Segundo Freitas, essa lei é uma grande decepção pra muita gente, justamente por esse efeito que é levado à maior onda de aprisionamento da história do Brasil, que fez o país chegar de quarto para a terceira posição perdendo para Estados Unidos, China e Rússia. “As mulheres foram diretamente atacadas com essa legislação e os homens idem, fazendo os crimes que tradicionalmente eram vias de aprisionamento, pudessem ser ultrapassados e relacionados às drogas ilícitas. Qual é a eficiência política de se focar na discriminalização do usuário? Pensando numa problematização mais enfática, consistente, mais contundente do proibicionismo. Qual é a eficácia política de se focar no usuário? Sem duvida, é importante pensar que há alguns encaminhamentos punitivos no usuário: primeiro, não encarcerar usuários, não criminaliza, nem aprisiona — essa é uma positividade tática”, destacou.

Pensando na continuidade das penas alternativas para usuários, pensando que pena é sempre pena, de que pena pode vir associado a um tratamento compulsório, pôde-se concluir que o tratamento compulsório continua tendo duas camadas básicas que se lastreia por todo o proibicionismo. “Quero citar a primeira camada, que é o repúdio moral ao uso de alguma substância, não é abolido com penas alternativas mas, sim reforçado. Uma outra camada, também lastreia todo o proibicionismo, é o repúdio sanitário e higienista ao uso de substâncias psicoativas, não é abolido com as penas alternativas. Continua-se lá, ou seja, os dois princípios básicos que é o repúdio moral e o repúdio sanitarista (há 100 anos). Continuam intocados com discurso que investe na lógica do usuário como doente”, ele avaliou.

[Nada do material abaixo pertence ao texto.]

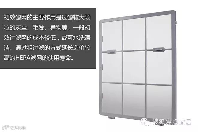 初效过滤网:初效过滤网的作用是空气净化器的第一层滤网,主要作用是过滤掉空气中颗粒较大的污染物,减少后面高效过滤网的工作压力。一般的净化器的初效过滤网大多选用价格较便宜或可以重复清洁的滤网,减少整体成本。
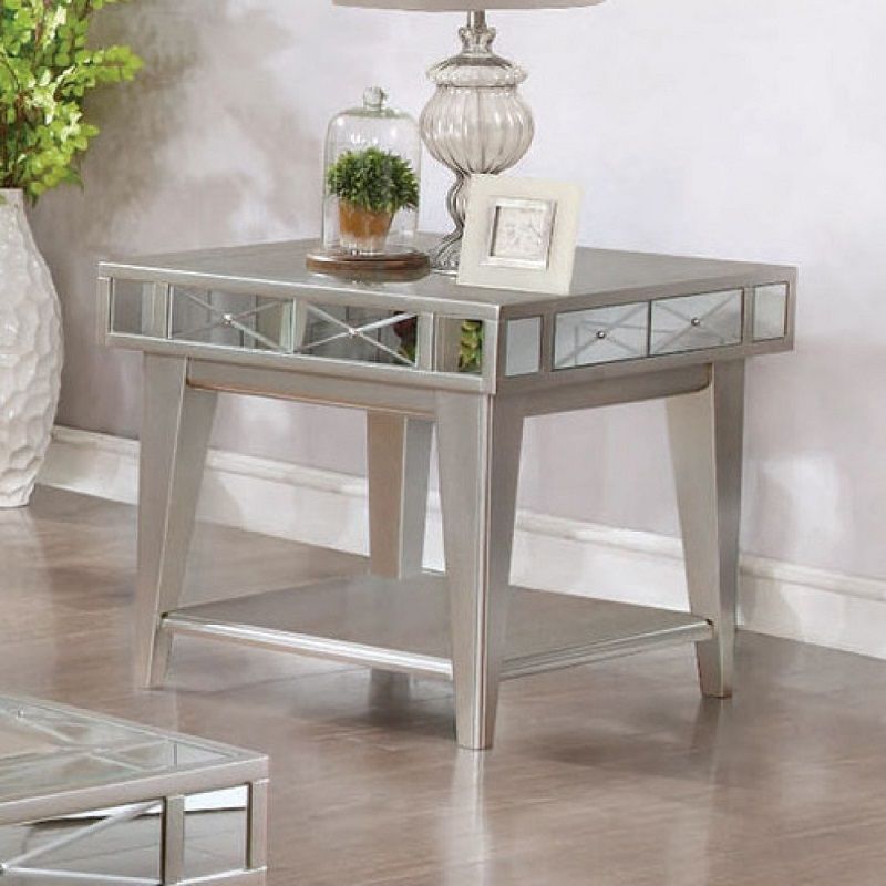 End table is sold individually with FREE shipping direct to you! This end table by Coaster is finished in mercury and has real mirrored pieces that have X's ecthed onto the surface.
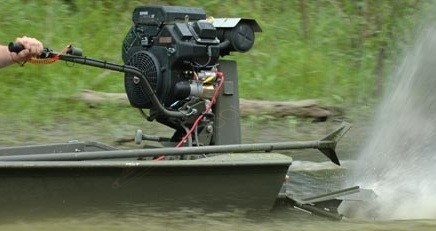 Лодочный мотор-болотоход GO-Devil 27 имеет румпельное управление (ручка газа на румпеле).
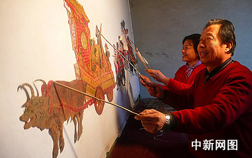 中新網(wǎng)2月6日電(馮文芳)2月5日,山西省侯馬市西侯馬村,皮影戲傳承人李世偉、皮影雕刻大師趙翠蓮夫婦耍起牛車和影人,表演皮影戲《鬧社火》,慶祝傳統(tǒng)元宵佳節(jié)。夫婦倆邊操作邊演唱,字正腔圓的唱段、妙趣橫生的臺(tái)詞、活靈活現(xiàn)的表演,受到鄉(xiāng)親們的歡迎。人們紛紛落座觀看,盡情享受這一獨(dú)具魅力的民間文化大餐。
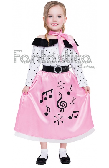 Disfraz para Niña Bailarina Rock Años 50. Chulísimo disfraz de jovencita bailarina de rock and roll años 50, que incluye camisa, falda, cinturón y pañuelo. Ideal para Carnaval, Halloween, fiestas de disfraces, fiestas y actos escolares, ferias, espectáculos, representaciones teatrales del colegio, espectáculos, fiestas infantiles y eventos especiales. Un precioso disfraz infantil para tu peque!
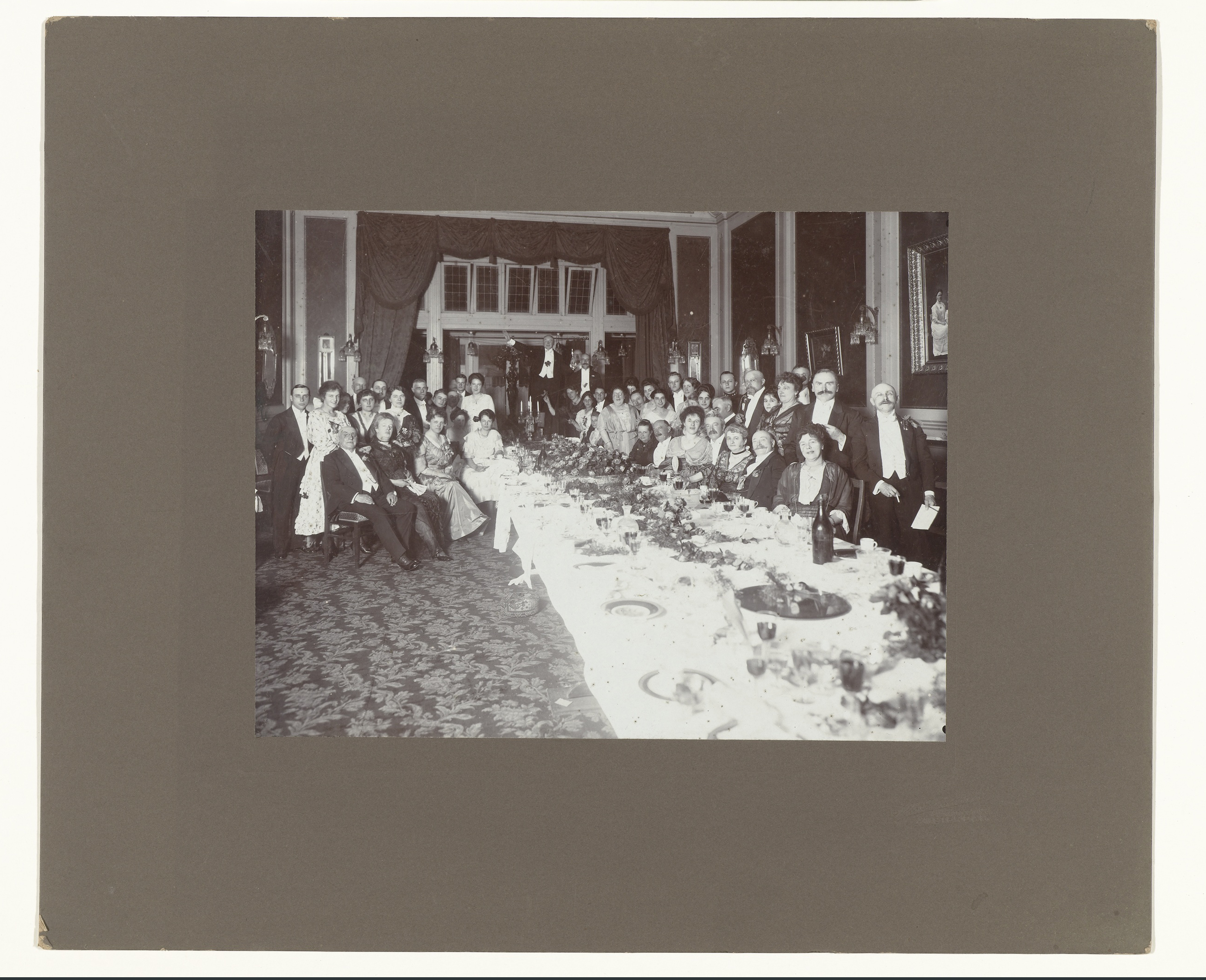 Groepsportret tijdens een diner met o.a. Simon Maris...
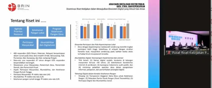 Robby Firman Syah Peneliti Ahli Muda Pusat Riset Kebijakan Publik (PRKP) BRIN menyampaikan, riset ini bertujuan untuk menciptakan tata kelola pangan desa yang transparan dan partisipatif melalui pemanfaatan teknologi digital.
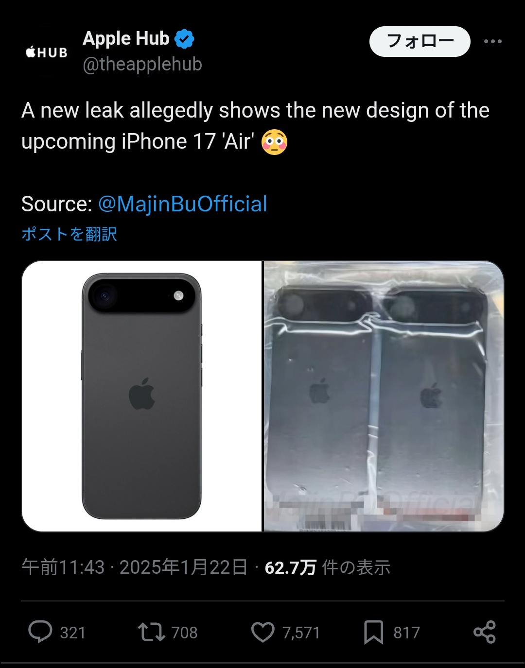 「iPhone 17 Air」の背面カメラ、「Pixel」みたいなデザインか
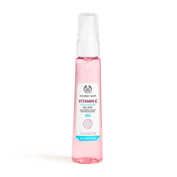 The Body Shop Vitamin E Gel Mist Skin Cooling spray is a 57ml mist that refreshes and hydrates your skin. Enriched with Vitamin E, this cooling mist helps to protect and nourish your skin, leaving it feeling smooth and revitalized. Perfect for a quick burst of hydration on-the-go.
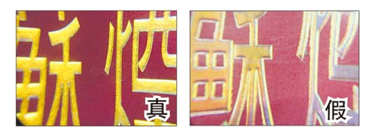 真烟烫金字体线条清晰、不漏金,金色部分成色纯正;假烟烫金字体线条不清晰,有漏金现象,金色部分成色暗淡。
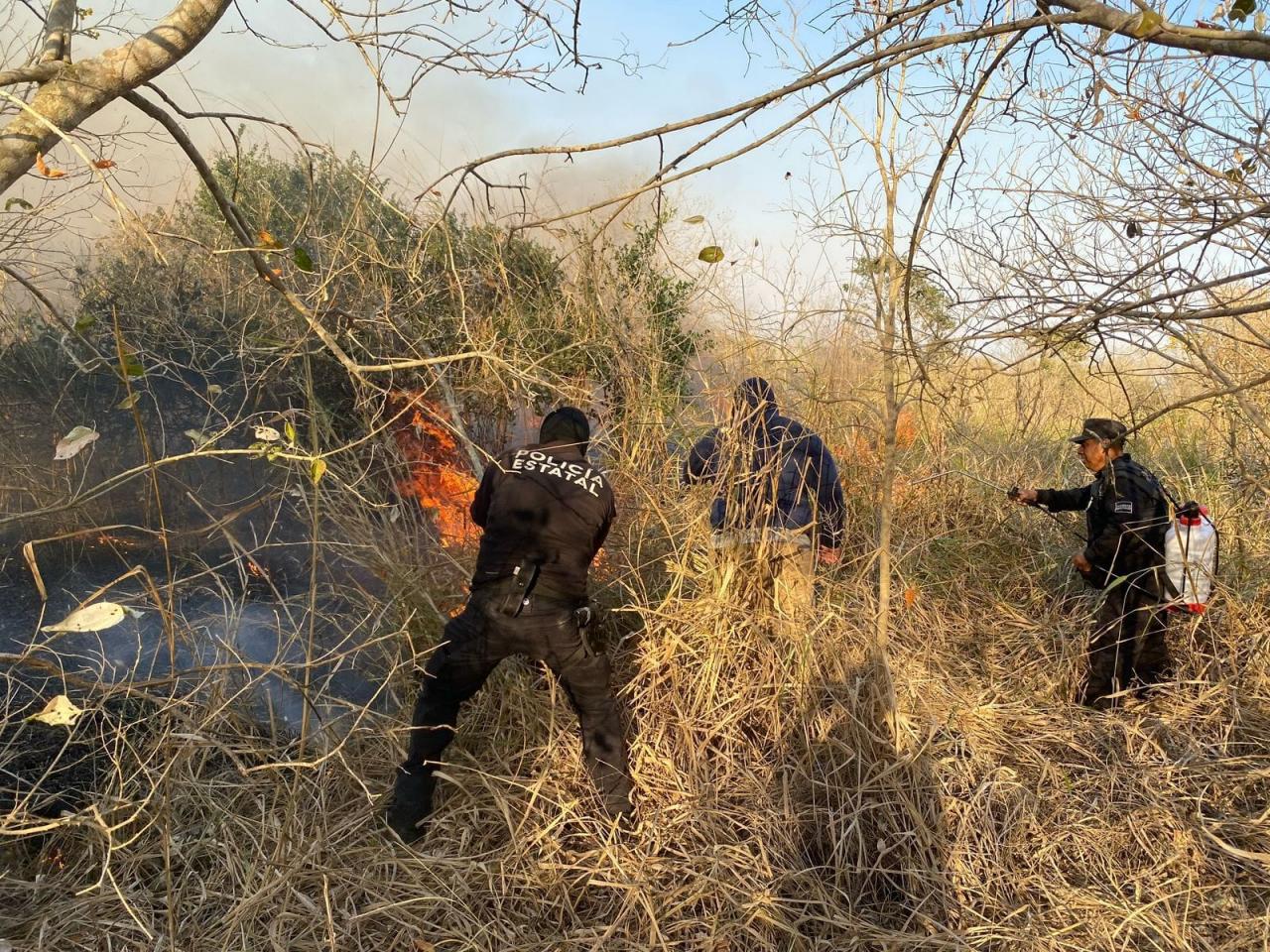 Ciudad Victoria, Tamaulipas.- En apoyo a las acciones implementadas por el gobernador Américo Villarreal a través del personal de Protección Civil Estatal para sofocar incendios forestales y de pastizales activos en diferentes municipios, la Secretaría de Seguridad Pública de Tamaulipas (SSPT), a través de la Guardia Estatal realiza diferentes acciones en 11 municipios.

Além disso, existe a questão dos discursos da militância do pró usuário, que corre o risco (talvez involuntário) de ser amplamente político. Para Freitas, os discursos de militância não lida com o tema dos traficantes, com o tema das penas alternativas e “não ataca de frente a lógica da cultura do castigo e da repressão”. O discurso pró saúde pública, pode involuntariamente reforçar o punitivismo — “o discurso ‘ser uma erva natural que não pode te prejudicar’ é um discurso proibicionista porque ele elege, por exemplo, a maconha como não prejudicial e elege todas as outras drogas como prejudicial. Então, esse discurso de problematização muitas vezes falta uma reflexão mais aprofundada sobre os temas”, remitiu.